::: Data for analysis

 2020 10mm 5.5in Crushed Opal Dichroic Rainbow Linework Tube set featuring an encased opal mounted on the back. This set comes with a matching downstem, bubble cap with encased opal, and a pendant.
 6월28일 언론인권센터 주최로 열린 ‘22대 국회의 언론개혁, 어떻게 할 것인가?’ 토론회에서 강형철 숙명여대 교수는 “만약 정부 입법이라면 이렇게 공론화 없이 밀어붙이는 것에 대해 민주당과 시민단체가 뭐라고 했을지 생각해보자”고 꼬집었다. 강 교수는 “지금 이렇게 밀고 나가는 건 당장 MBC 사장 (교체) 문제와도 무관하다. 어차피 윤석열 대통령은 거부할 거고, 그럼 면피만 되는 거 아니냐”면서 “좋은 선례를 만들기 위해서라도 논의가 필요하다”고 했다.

::::::
::: Data for analysis

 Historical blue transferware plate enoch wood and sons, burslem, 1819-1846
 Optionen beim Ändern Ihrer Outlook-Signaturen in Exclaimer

::::::

• _Work to be completed_
Out of the listing above, reproduce exactly the lines from the one with "Historical blue transferware" up to and including the one with "Optionen beim Ändern".

• _Written reply_
 Historical blue transferware plate enoch wood and sons, burslem, 1819-1846
 Optionen beim Ändern Ihrer Outlook-Signaturen in Exclaimer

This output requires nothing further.